Is social media the next big thing in nonprofit fundraising?

Illustration by Roy Scott.
Illustration by Roy Scott.

She was scrolling through her Facebook feed when Dr. Kelley Malcolm ’16, ’10 noticed a friend’s post looking for people to sponsor her in an Alzheimer’s Association fundraising walk in honor of her late father. Malcolm, an MS in Nonprofit Management and PhD in Public Policy and Administration graduate, did sponsor her friend—but she says for her that was the exception and not the rule.

“When I see a fundraising appeal directly from a nonprofit organization on social media, I don’t feel compelled to donate,” she says. “But when it’s a personal connection who’s raising the money and I know why that cause is important to him or her, then I’ll donate.”

Malcolm, who has worked in fundraising for several nonprofits over the course of her 15-year career, believes she’s not alone in needing that personal connection. She got the inspiration for her dissertation, which focused on the effect of social media on nonprofit organizations’ fundraising efforts, when she was recruited by the Parkinson’s Foundation to start a new fundraising walk event. As part of the project, she was responsible for creating and managing social media event pages.

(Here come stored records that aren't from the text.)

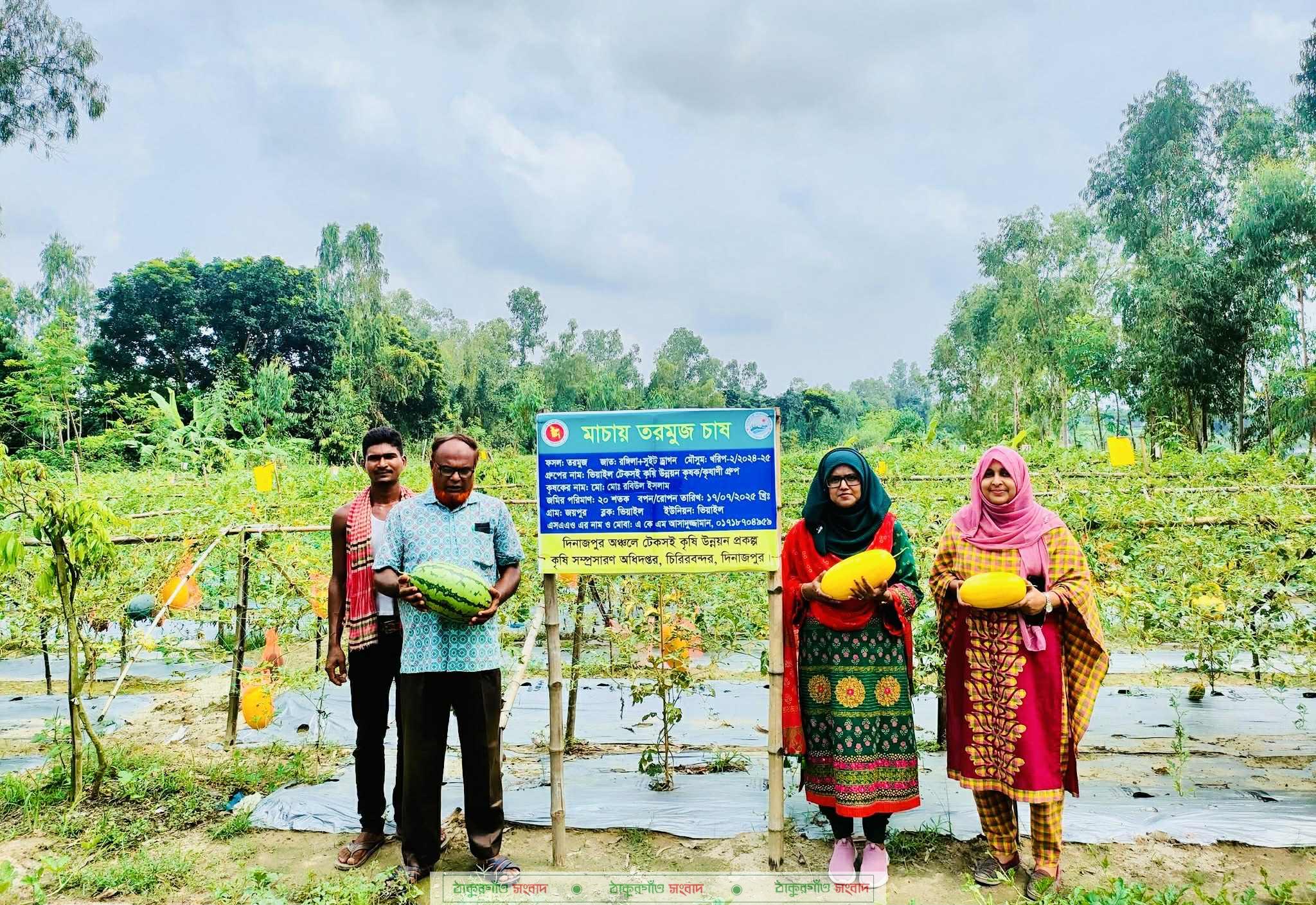 চিরিরবন্দর (দিনাজপুর) প্রতিনিধি: দিনাজপুরের চিরিরবন্দরে মাচায় গ্রীষ্মকালীন তরমুজ চাষ করে সাফল্য পেয়েছেন চাষিরা। মাত্র ৭০-৯০দিনের মধ্যে ফসল ঘরে তুলতে পারায় তারা লাভবান হচ্ছেন। গ্রীষ্মকালীন তরমুজ চাষে নতুন সম্ভাবনার দিগন্ত উন্মোচন করেছেন কৃষকেরা। আধুনিক কৃষি প্রযুক্তি, উন্নত জাত ব্যবহার ও স্থানীয় কৃষি বিভাগের পরামর্শে এ অঞ্চলের কৃষকরা গরমকালেও উচ্চ ফলনশীল তরমুজ উৎপাদন করে লাভবান হচ্ছেন। কৃষি বিভাগ দাবি করেছেন, এ পদ্ধতি জনপ্রিয় ও পরিধি বৃদ্ধি হলে স্থানীয় কৃষি অর্থনীতি আরো সমৃদ্ধশালী হবে।
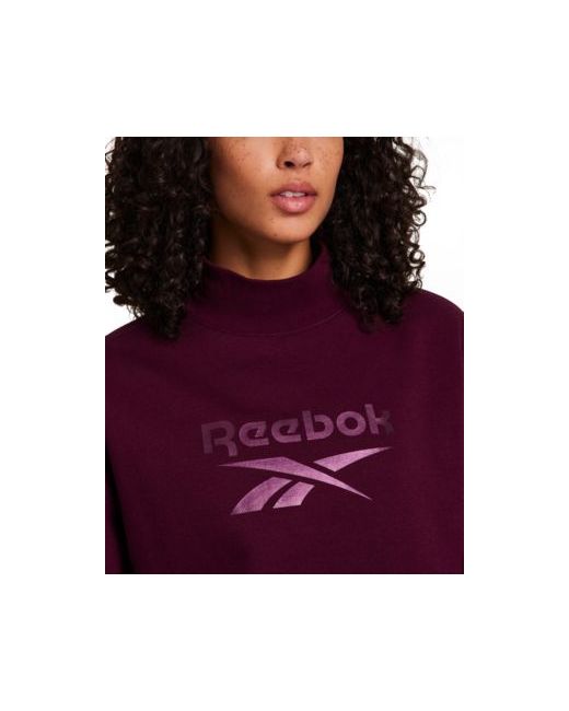 Stay cozy and stylish with this Reebok mock neck sweatshirt, featuring a cropped silhouette and long sleeves with ribbed-knit cuffs. A tonal Vector graphic at the chest offers a sleek and sporty detail.
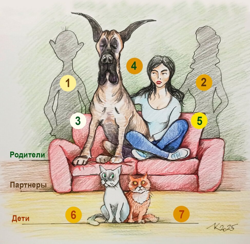 Для этого надо узнать топонимику (конфигурацию в Поле) семьи Алины здесь и сейчас – то есть, расположение её членов друг относительно друга. Андрей (это его запрос, значит, должно быть и его виденье) бессознательно ощущает так, как это изображено на картинке. Дог – рядом с Алиной, справа от неё; впереди них – кошачья пара: кот слева, кошка справа.
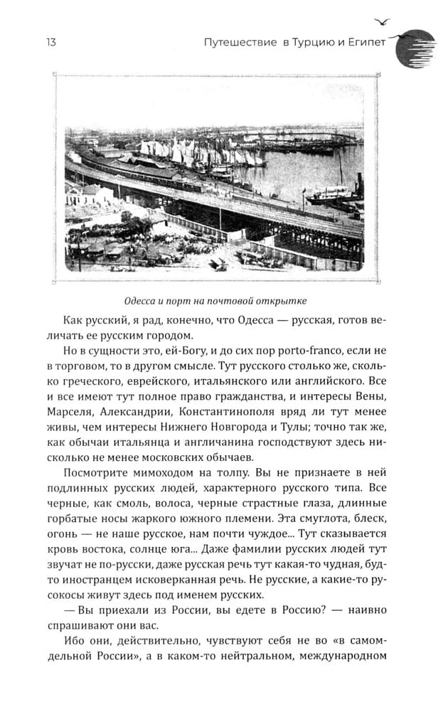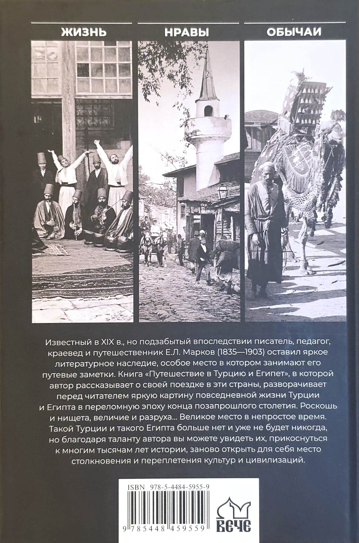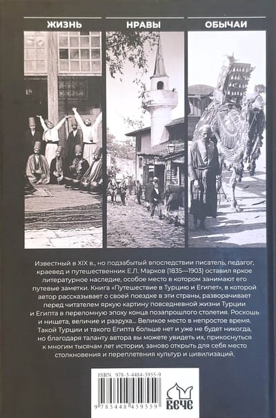 E. L. Markov (1835–1903), a writer, educator, local historian, and traveler well-known in the 19th century but later largely forgotten, left behind a vibrant literary legacy, among which his travel writings occupy a special place. His book, "Journey to Turkey and Egypt," in which the author recounts his journey to these countries, unfolds before the reader a vivid picture of everyday life in Turkey and Egypt during the transformative era of the late 19th century. Luxury and poverty, grandeur and devastation... A great place in difficult times. Such a Turkey and such an Egypt no longer exists and will never again exist, but thanks to the author's talent, you can see them, touch upon many thousands of years of history, and rediscover a place where cultures and civilizations collided and intertwined.

“I understood that a presence on social media was an integral part of fundraising, but I wondered if it really helps raise money,” Malcolm says. She soon discovered that few people had studied the issue and there were very few organizations that claimed they could track donation revenue raised through social media campaigns.

“For the most part, people weren’t clicking through to the donation page from social media posts that came directly from the organization,” Malcolm says. “I studied the Pediatric Brain Tumor Foundation in 2015 and found that, while their social media posts at that time did bring in registrations and volunteers for their walk event, the posts did not raise a lot of money.”

Kelley Malcolm
Dr. Kelley Malcolm ’16, ’10.

Malcolm believes that’s because people are less likely to donate when they don’t have a personal connection to the cause, the person, or the organization soliciting the donation. On the other hand, Facebook announced in November 2018 that more than 20 million people have helped raise $1 billion for nonprofits and personal causes since the feature launched in 2015. More than 1 million nonprofits in 19 countries can now receive donations directly through Facebook. These donations often come from friends in honor of the birthday of the person who posts the appeal, creating the personal tie Malcolm says is essential.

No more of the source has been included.